Reflections of a Bachelor Girl
Author: Helen Rowland
Publisher:
Published: 1909
Total Pages: 136
ISBN-13:
DOWNLOAD EBOOKRead and Download eBook Full
Author: Helen Rowland
Publisher:
Published: 1909
Total Pages: 136
ISBN-13:
DOWNLOAD EBOOKAuthor: Helen Rowland
Publisher: Litres
Published: 2022-05-15
Total Pages: 79
ISBN-13: 5040481713
DOWNLOAD EBOOKAuthor: Helen Rowland
Publisher:
Published: 2010
Total Pages:
ISBN-13:
DOWNLOAD EBOOKAuthor: Nancy A. Walker
Publisher: U of Minnesota Press
Published: 1988
Total Pages: 246
ISBN-13: 0816617023
DOWNLOAD EBOOKDefines why women have been blocked from participating in the mainstream of American comedy yet have overcome hurdles to produce a humor that is sustaining and spells survival for women in society.
Author: Helen Rowland
Publisher: CreateSpace
Published: 2015-02-27
Total Pages: 40
ISBN-13: 9781505572575
DOWNLOAD EBOOK"[...] WHY should matrimony interfere with pleasure in this day of self-rocking cradles, self-cooking ranges—and self-supporting wives? MOST men write a love-letter as cautiously as though they were writing for publication, or fame, or posterity. THE man who breaks his social engagements with you before marriage, will break everything from his word to your heart, afterward. PLATONIC friendship is a ship that starts for Nowhere and nearly[...]".
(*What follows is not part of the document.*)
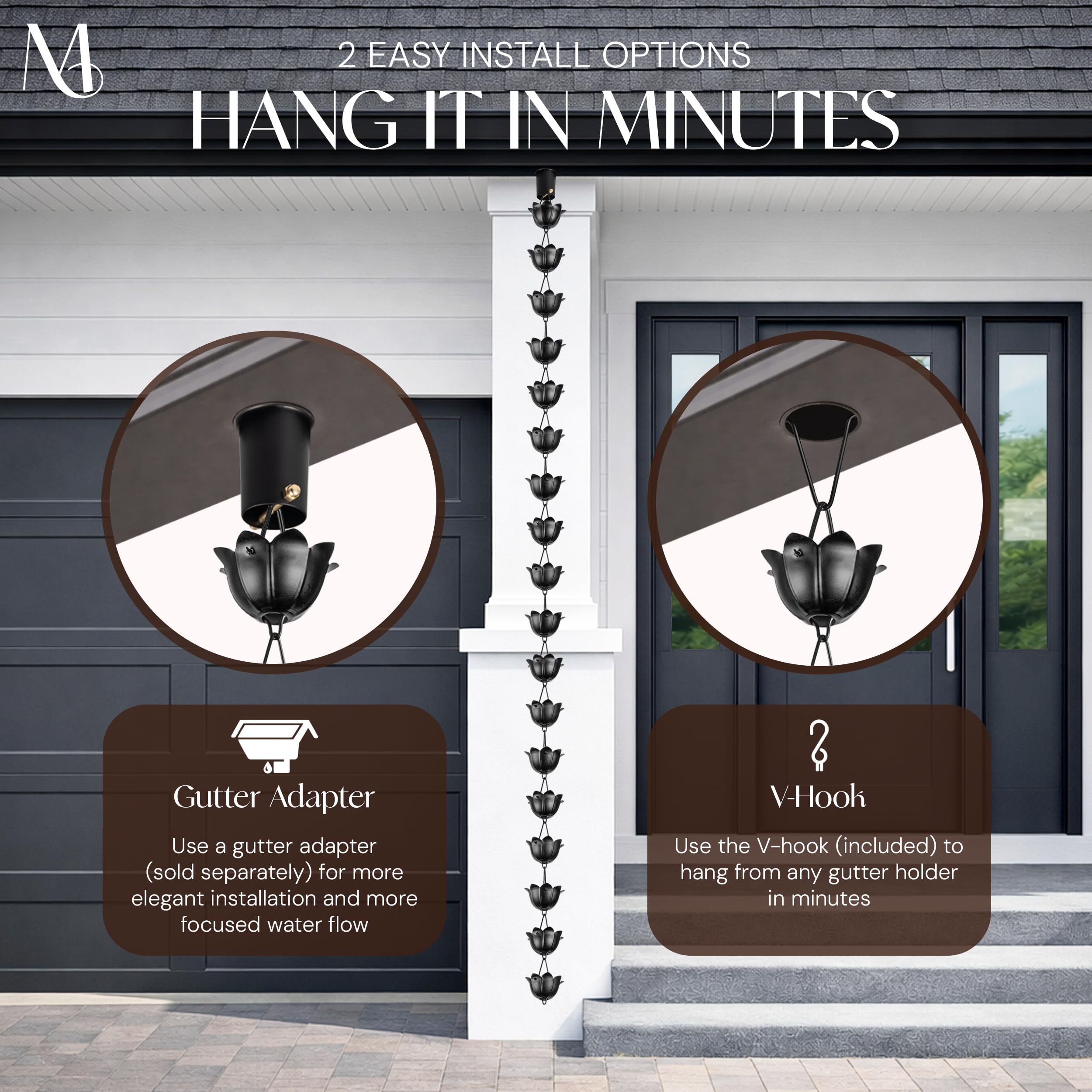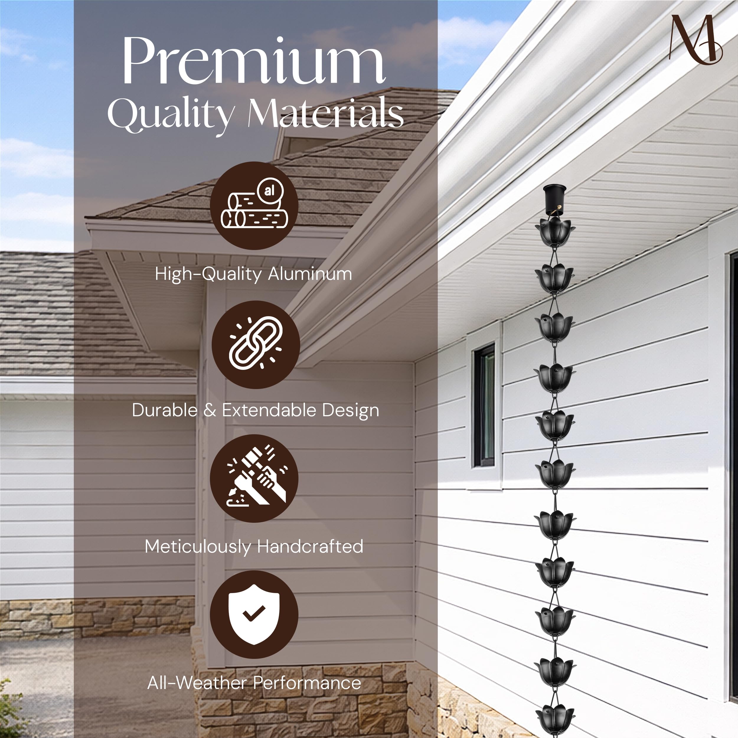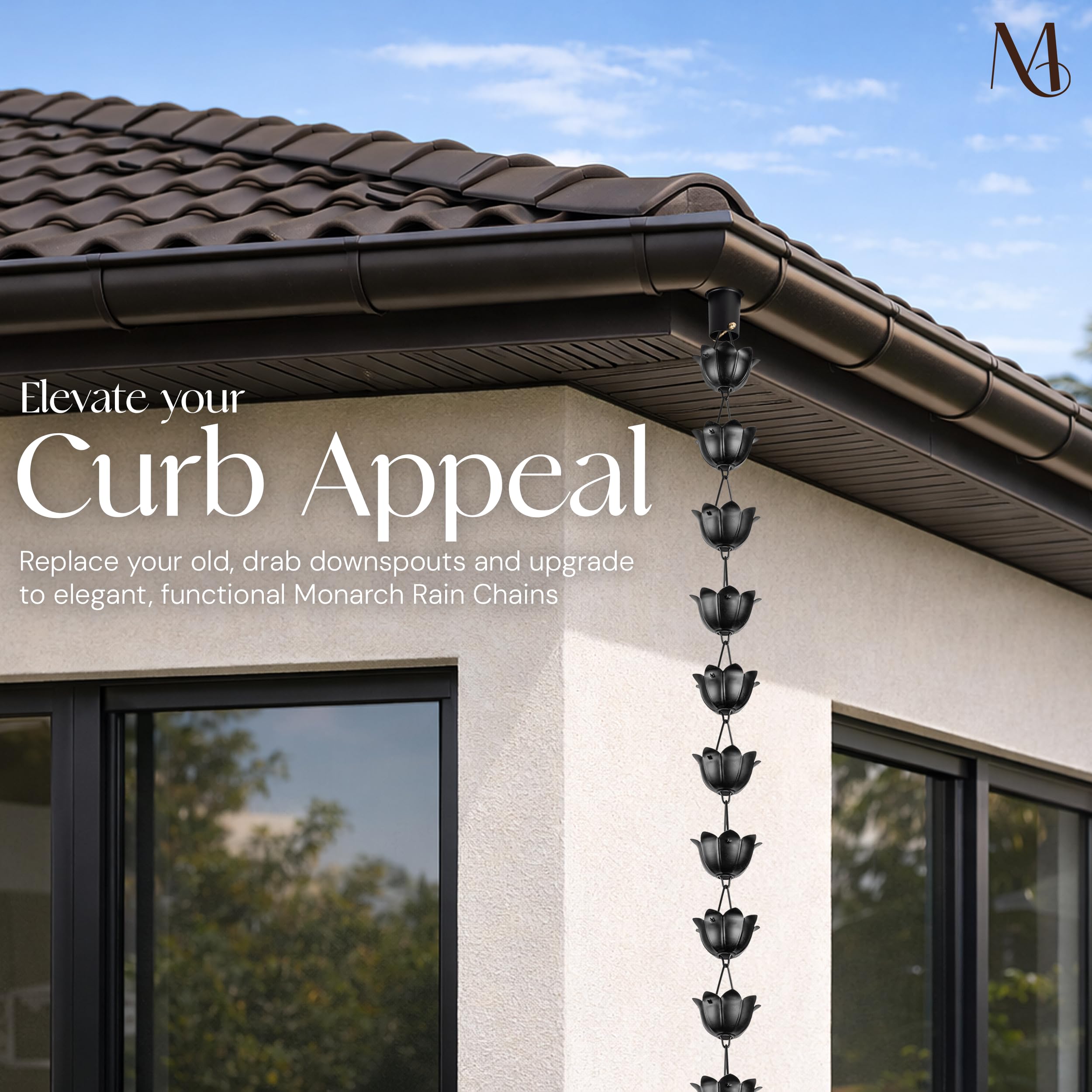Verwandeln Sie das Äussere Ihres Hauses mit dieser Aluminium-Lotus-Regenkette, inspiriert von der exotischen Lotusblüte. Sie wurde entwickelt, um die alltägliche Aufgabe, Regenwasser zu leiten, in ein schönes Erlebnis zu verwandeln. Mit ihrem stilvollen mattschwarzen Finish ist diese Regenkette in Perfektion handgefertigt. Die grossen Becher fangen Regenwasser effizient auf und leiten es ab, was diese Regenkette für Dachrinnen sowohl zu einem funktionalen als auch dekorativen Stück macht. Der Besitz dieses Regenketten-Fallrohrs bedeutet, die Ästhetik Ihres Gartens zu verbessern und gleichzeitig das Regenwasser effizient zu verwalten. Jeder der 18 lotusförmigen Becher ist so gefertigt, dass er Regenwasser effektiv einfängt und kanalisiert, um sicherzustellen, dass Ihre Dachrinnen nicht nur funktional, sondern auch optisch ansprechend sind. Stellen Sie sich vor, wie der Regen den Topfpfahl herunterfällt und ein beruhigendes Wasserspiel schafft, das Ihre Bordstein-Attraktivität erhöht. Diese dekorative Regenfangkette bietet eine künstlerische und zugleich praktische Alternative zu traditionellen Dachrinnen-Fallrohren Perfekt für leichte Schauer und starken Regen, diese Regenkette für Dachrinnen leitet das Wasser effizient vom Dach zum Boden. Wenn Sie es satt haben, mit rostigen, unschönen Regenrinnen-Fallrohren umzugehen, ist diese Regenkette ein Spielwechsler. Hergestellt aus hochwertigem Aluminium, rostfrei und langlebig. Das bedeutet, dass Sie seine Schönheit und Funktionalität jahrelang geniessen können, ohne sich Gedanken über Verschleiss machen zu müssen. Ausserdem ist es eine grüne Alternative zu traditionellen Fallrohren und ermöglicht es Ihnen, Regenwasser zur Wiederverwendung zu sammeln. Einfach zu installieren mit dem mitgelieferten 12,7 cm dreieckigen Aufhänger – kein Werkzeug erforderlich – diese Regenkette ist ein Kinderspiel zu installieren. Verlängern Sie die Länge, indem Sie zusätzliche Regenketten verbinden, oder vervollständigen Sie den Look mit kompatiblen Zubehörteilen wie Becken, Dachrinnenadaptern oder Ankerpfähle. Hauptmerkmale: • Inklusive 12,7 cm dreieckigem Aufhänger für schnelle, werkzeuglose Montage. • Schwer, mit ihrem stilvollen mattschwarzen Finish ist diese Regenkette bis zur Perfektion handgefertigt. • Inspiriert von der exotischen Lotusblüte, besteht sie aus hochwertigem Aluminium und ist rostbeständig. • Kompatibel mit Regenkettenadapter für Dachrinnen und Verankerungszubehör • Erweiterbar mit zusätzlichen grossen Regenketten für Dachrinnen Verwenden Sie es als Blickfang in Gärten, Terrassen oder Veranden oder verschönern Sie Ihren Eingangsbereich mit dem beruhigenden Klang von fliessendem Wasser. Ideal für moderne Häuser, traditionelle Hütten oder minimalistische Räume. Entscheiden Sie sich für Monarch - der vertrauenswürdige Name in dekorativen Regenketten für Dachrinnen. Von Regenkettenbechern oder Gliederstilen bis hin zu auffälligen Statement-Stücken bieten wir hochwertige Regenfänger für Dachrinnen, die sowohl für Schönheit als auch für Langlebigkeit gefertigt wurden. Jetzt in den Warenkorb legen und Ihr Regenwassersystem neu erfinden!

Author: Martha H. Patterson
Publisher: Rutgers University Press
Published: 2008-05-01
Total Pages: 358
ISBN-13: 0813544947
DOWNLOAD EBOOKIn North America between 1894 and 1930, the rise of the “New Woman” sparked controversy on both sides of the Atlantic and around the world. As she demanded a public voice as well as private fulfillment through work, education, and politics, American journalists debated and defined her. Who was she and where did she come from? Was she to be celebrated as the agent of progress or reviled as a traitor to the traditional family? Over time, the dominant version of the American New Woman became typified as white, educated, and middle class: the suffragist, progressive reformer, and bloomer-wearing bicyclist. By the 1920s, the jazz-dancing flapper epitomized her. Yet she also had many other faces. Bringing together a diverse range of essays from the periodical press of the late nineteenth and early twentieth centuries, Martha H. Patterson shows how the New Woman differed according to region, class, politics, race, ethnicity, and historical circumstance. In addition to the New Woman’s prevailing incarnations, she appears here as a gun-wielding heroine, imperialist symbol, assimilationist icon, entrepreneur, socialist, anarchist, thief, vamp, and eugenicist. Together, these readings redefine our understanding of the New Woman and her cultural impact.
Author: Lynn Peril
Publisher: W. W. Norton & Company
Published: 2006-08-17
Total Pages: 416
ISBN-13: 0393349942
DOWNLOAD EBOOKThe author of Pink Think takes on a twentieth-century icon: the college girl. A geek who wears glasses? Or a sex kitten in a teddy? This is the dual vision of the college girl, the unique American archetype born when the age-old conflict over educating women was finally laid to rest. College was a place where women found self-esteem, and yet images in popular culture reflected a lingering distrust of the educated woman. Thus such lofty cultural expressions as Sex Kittens Go to College (1960) and a raft of naughty pictorials in men’s magazines. As in Pink Think, Lynn Peril combines women’s history and popular culture—peppered with delightful examples of femoribilia from the turn of the twentieth century through the 1970s—in an intelligent and witty study of the college girl, the first woman to take that socially controversial step toward educational equity.